Unexpectedly, we found that the percentage of tdTomato+ hepatic endothelial cells, hepatic immune cells, and Kupffer cells was much higher than the percentage of tdTomato+ hepatocytes (Figure 2B). This result was surprising, however, the stability of the pooled LNPs, the poor performance of the naked barcode, the high percentage of tdTomato+ cells in the liver relative to other organs, and the Euclidean clustering convinced us the data were reliable enough to test our hypothesis: LNP cholesterol structure alters mRNA delivery in vivo.

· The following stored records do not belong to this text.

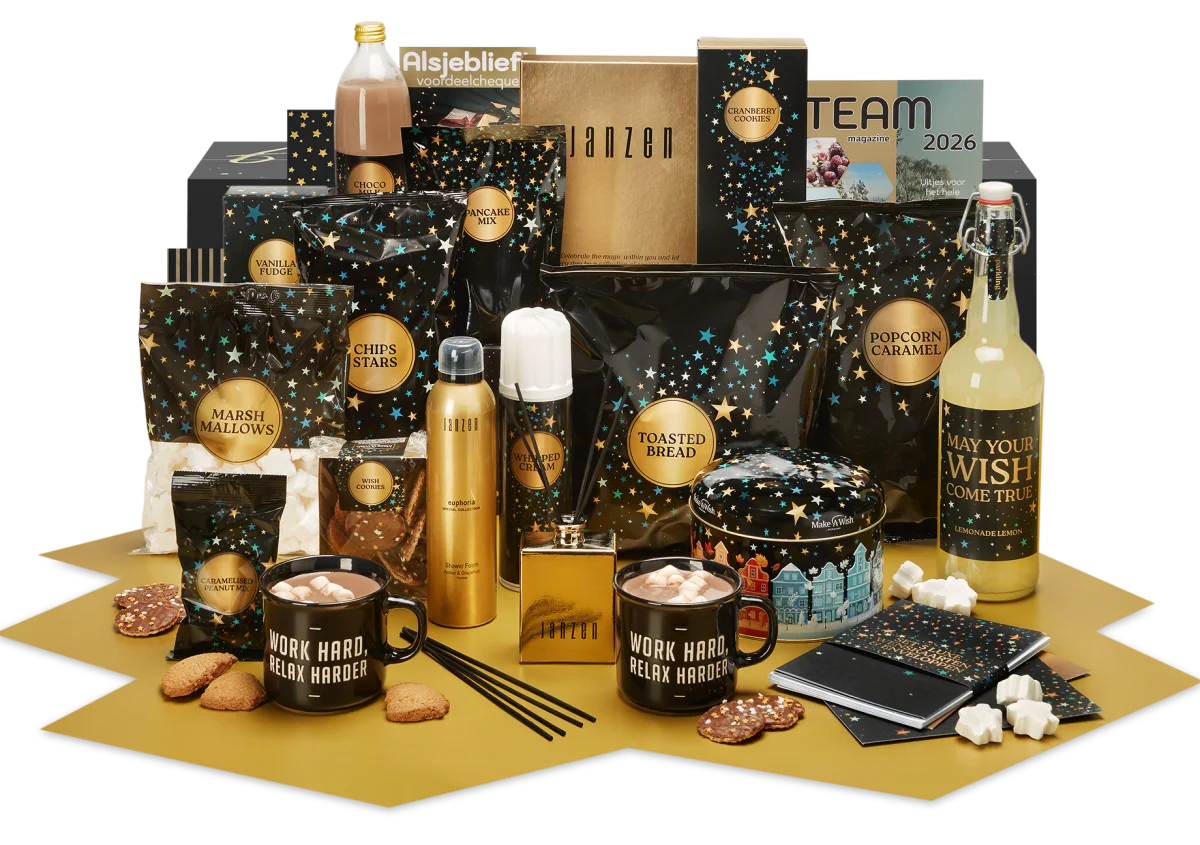 Naast de heerlijke lekkernijen bevat dit pakket een GRATIS Team Magazine, een GRATIS CenterParcs Voucher, en een GRATIS Postcode Loterij Lot voor nog meer verrassingen.
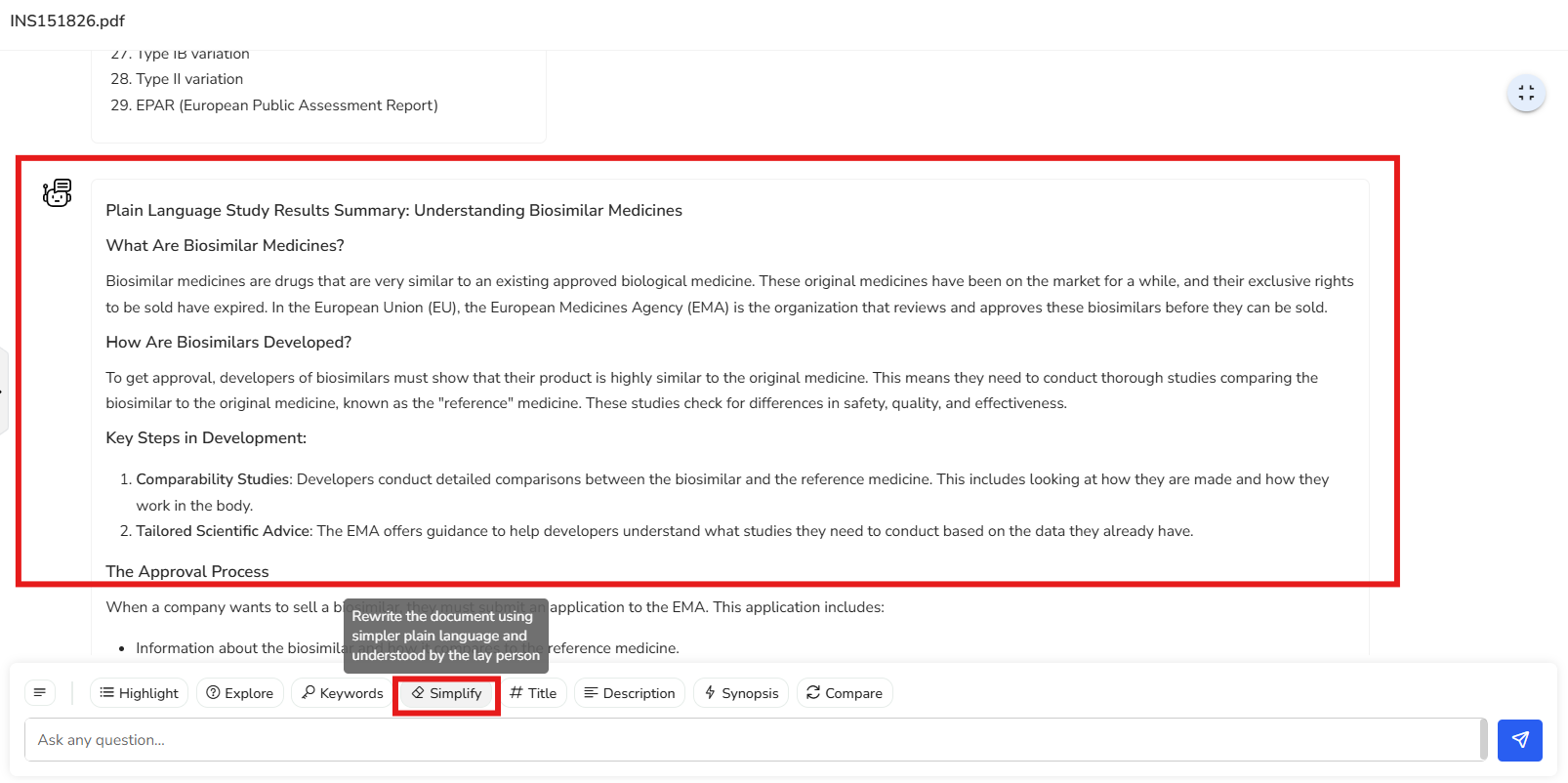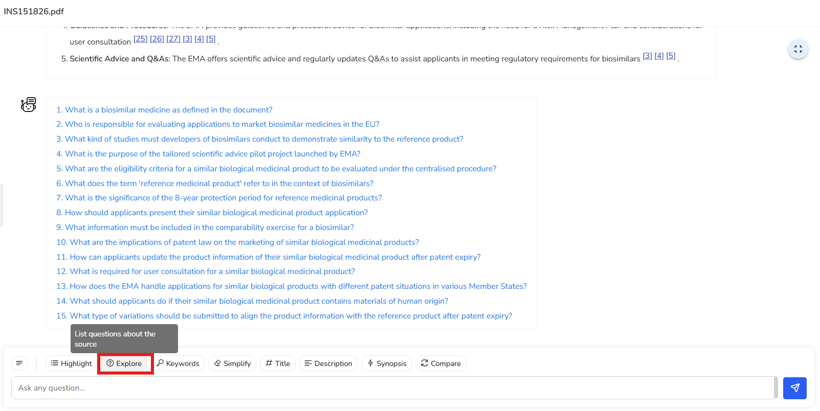 In this example, a list of 29 key keywords has been extracted from the document. These keywords provide a quick overview of the main themes and topics covered. Terms like “compatibility exercise,” “reference medicinal product,” and “EMA (European Medicines Agency)” help you grasp the document’s core focus at a glance.
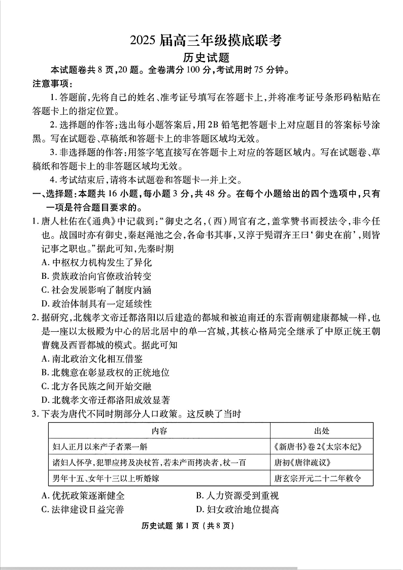 广东省衡水金卷2025届高三年级上学期8月摸底联考+历史
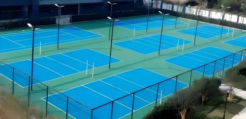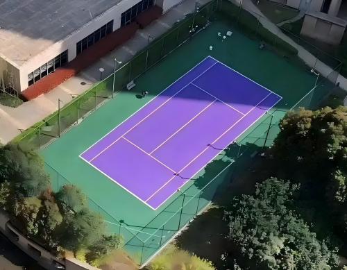 网球场硅PU地面翻新施工方案摘要:首先清理破损区域,打磨平整并涂刷底漆增强粘结力;分层涂装硅PU弹性层及面层,确保厚度均匀;最后精准划线并保养。施工期间保持场地干燥,控制环境温度5-35℃,材料充分固化后验收,重点检查平整度、弹性及防滑性能。

To quantify the impact of cholesterol structure on overall splenic and hepatic delivery, we calculated the normalized delivery across all 8 cell types we sequenced (4 in spleen and 4 in liver) (Figure 3A). We noted that side-chain oxidized cholesterol variants tended to enhance delivery relative to the other cholesterol variants (Figure 3B,C). In particular, LNPs formulated with 25-hydroxycholesterol (25-OH) and 20α-hydroxycholesterol (20α-OH) resulted in higher normalized delivery across all 8 cell types (Figure 3D). To complement these calculations, we assessed which cholesterol variants were enriched in the top 10% of LNPs (Figure 3E). We then calculated the enrichment in the bottom 10% of LNPs[19] and subtracted it from enrichment in the top 10% (Figure 3E,F). This identifies how likely it is that a given cholesterol variant is found in the best- and worst-performing LNPs. Enrichment calculations are detailed in SI Figure 2A. As an additional control, we performed the same two analyses – normalized delivery across all 8 cell types, and enrichment – for cholesterol mole percentage, ionizable lipid mole percentage, and phospholipid mole percentage (SI Figure 2B–D). We did not observe any significant trends.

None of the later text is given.